Firearms and related subjects are a daily encounter for any avid Concealed Carrier. One particular situation you might have to face sooner or later is introducing your significant other or family members into your world of firearms, ammunition, and late nights scrolling through the internet looking for the latest and greatest deals and new innovations of the Concealed Carry community. Any true Concealed Carrier will admit, we’re a tight knit group of people, even if we might not always agree on certain topics. We all have the same goal in mind: To continue our right to defend ourselves and our families.
However, those new to our lives, such as significant others or friends and family members might not share our passion of firearms and daily carry. So how do we introduce someone new to our lives to our daily carry habits and various firearms throughout the home? I come from a family of avid 2nd Amendment supporters, so that wasn’t an issue. However my current and permanent significant other was completely new to the firearms world. My girlfriend knew of my particular affection for all things firearms related. It didn’t come as a surprise to her, considering my military career at the time. She herself had never so much as touched a firearm until I introduced her to one.
First off, before even considering stepping outside to the range, we spent a good part of the afternoon going over safety. I let her handle an empty firearm, just to feel the weight and get familiar with it. We ran through the functions and parts. I let her rack the slide and dry fire the firearm, teaching her how to work the safety. All the while covering the four firearms safety rules we as every day Concealed Carriers have ingrained in our minds:
1. All firearms are always loaded
2. Never point the firearm at anything you are not willing to destroy
3. Keep your finger off the trigger until you are on target and ready to fire
4. Be sure of your target and what is beyond the target.
After allowing her to become comfortable with the firearm and handling it, we moved out onto the range for some practice. Again, we covered safety first. I allowed her to observe the actions of loading, chambering, orienting on the target and taking aim, and finally firing. After she watched for a while, I eventually allowed her to do the same once she was comfortable. For a first-timer, she became quite comfortable with the firearm and handling it. I was proud of her. She wasn’t scared or overly nervous about shooting a firearm for the first time. She learned well and paid attention to safety, which is always important for a first time shooter.

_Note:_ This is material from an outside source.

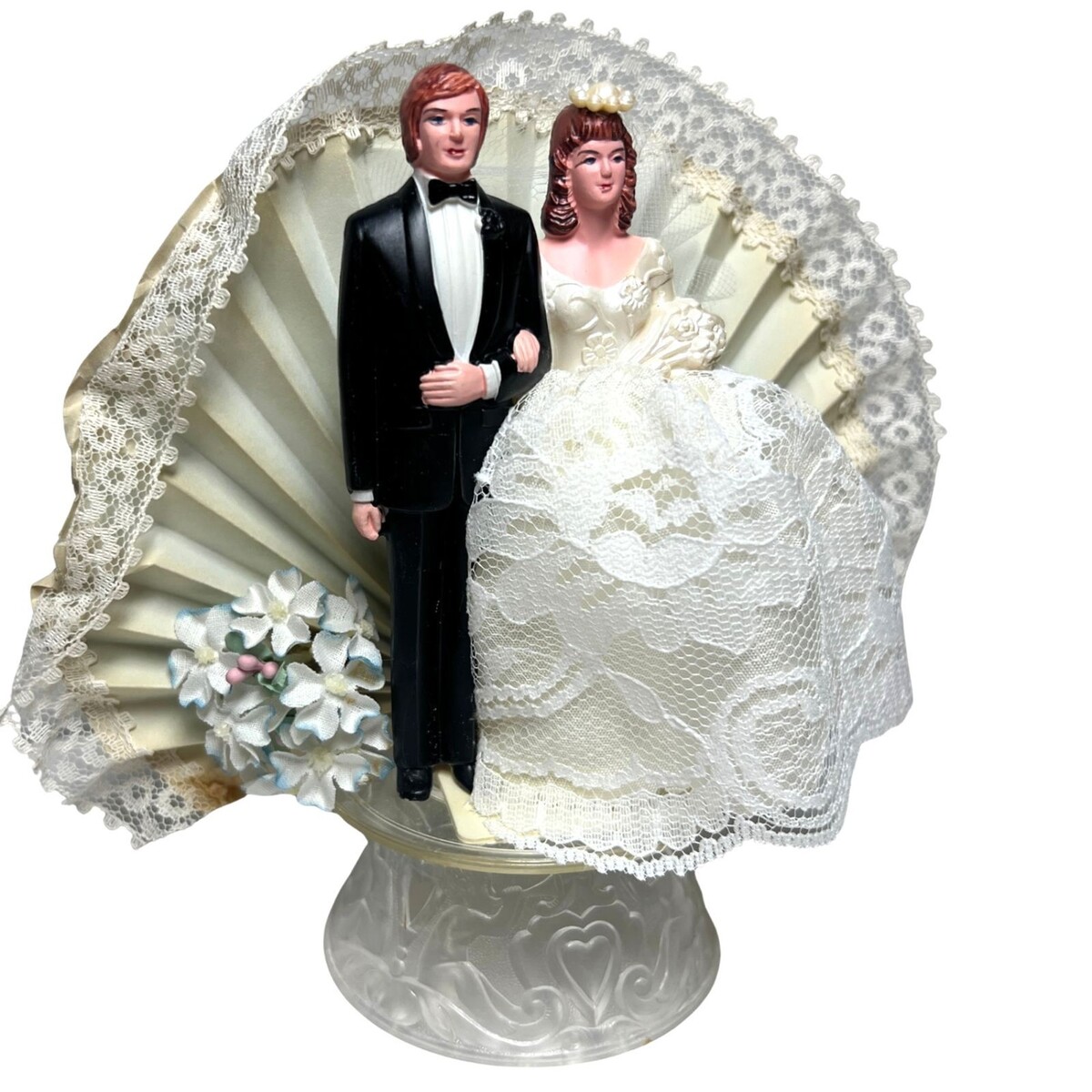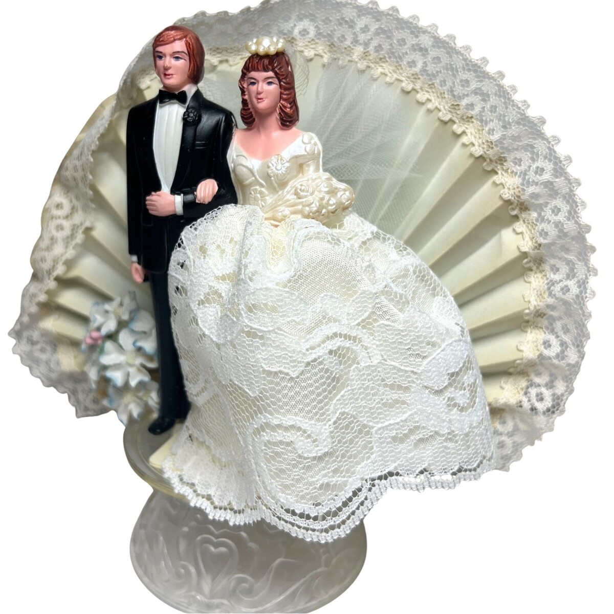 Vintage Wedding Cake Topper Bride Groom Lace Paper Fan Plastic Couple Stand 6.5"

To this day she still won’t allow me to purchase a firearm specifically for her, or take steps to get her concealed carry permit, much to my dislike. However I’m still working on that subject. It’s her decision ultimately, but I know I’d feel better if she carried with a firearm she was proficient at using.
Even though I was lucky my girlfriend was so receptive to wanting to learn, some aren’t so fortunate. The question still remains; how do you orient a new addition to your life with your firearms and habit of daily carry? My suggestion would be, tactfully and carefully. If your significant other isn’t familiar with what the 2nd Amendment entails and has Mom’s Demand Action liked on their Facebook page, you may want to proceed with caution when it comes to introducing them into your world of Concealed Carry. However if you feel they could be receptive and open-minded with the fact that you carry a loaded firearm on a daily basis; then by all means start the conversation off slow and easy. Test the waters on their opinions of firearms and civilian carry. If the conversation moves into a positive area, then you may be on the right track in introducing them further into the Concealed Carry world.
Some may choose to keep their significant other in the dark about their carry habits; however as things progress, safety can be a concern when involving a loaded firearm. If this person becomes a permanent part of your life, I feel it necessary to at least familiarize them with the firearms in your home. I’m not suggesting you give them the combination to your safe; but if you’re in the habit of leaving your carry firearm out and accessible or other home defense firearm by the bed at night, they should at least know the basic functions for safety purposes.
It’s a touchy subject whenever introducing someone new in your life to your world of firearms. It could go either way, really. Some may look at you like a paranoid fanatic. I know I’ve been subjected to my fair share of criticism when informing new friends or coworkers of my daily carry habits if the subject comes up in conversation. I’ve learned to simply keep my mouth shut most of the time if I feel the conversation going south. Many people will never understand the purpose or need for those of us that decide to carry. Where some would call us paranoid, I call us prepared.
It’s your choice when and how you decide to introduce your significant other into our close knit circle. I can only offer my advice to do so carefully and safely, understand that everyone started somewhere. Don’t push your beliefs and opinions onto them in an overbearing manner. Let them come to their own conclusion through facts and experiencing firearms on their own accord. If they are open to accompanying you to a day at the range, then by all means do so. Just remember to do so safely and remain patient and understanding in their learning process. It could be in your hands if they choose to continue to pursue their experience with firearms; or are turned off completely.